Originally, we thought we were going to be an online service, like Telmore, where you could do everything online. Accidentally, we got some big customers as the first couple of customers, clients like Mask and so on. They didn’t care about doing things online, they cared about getting service and so on. If you are competing against big companies, which I think most of you are, this is a very basic way of finding a new strategy. Focus on your own customers because that’s what you make money on. It’s okay to try a lot of things, but find something to make money on. In our case, we make money from Mask, and so on.
There are three basic strategies. One of them is to become the market leader and w became that later, but not here. The other one is to have some technological advantages. Normally, you don’t have that—so the third one that you can always decide on, is to focus on some group of companies.
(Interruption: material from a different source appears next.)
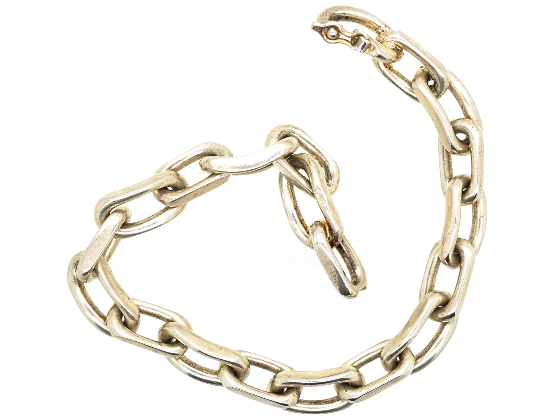 A subtle take on a curb bracelet in that every other link is curved with flat sides and the in between links are oval with flat sides. It is a really good design and feels very good on the wrist. It is French and was made in the 1970s.

We decided to focus on the big companies. We went out and asked them: “Why are you still buying from Jobindex when StepStone is much bigger and so on?” It turned out that they liked us and they liked the service that they got from us. So we said, “Okay, fair enough. Then we’ll increase and do even more service. We’ll proofread your advert, we’ll do all sorts of things for you.” And then, when you have a successful group of companies and customers, you can use that to expand the group of customers and become even larger. It turns out, there were more companies than the large companies that wanted this service and were willing to pay for it. We’ve continued doing that. I mean, nowadays, it’s probably considered old-fashioned. I think we’re one of the last job databases in the world that’s still typing the adverts for our customers, but it’s worked for us and it makes it harder for the foreign competitors to get into that market.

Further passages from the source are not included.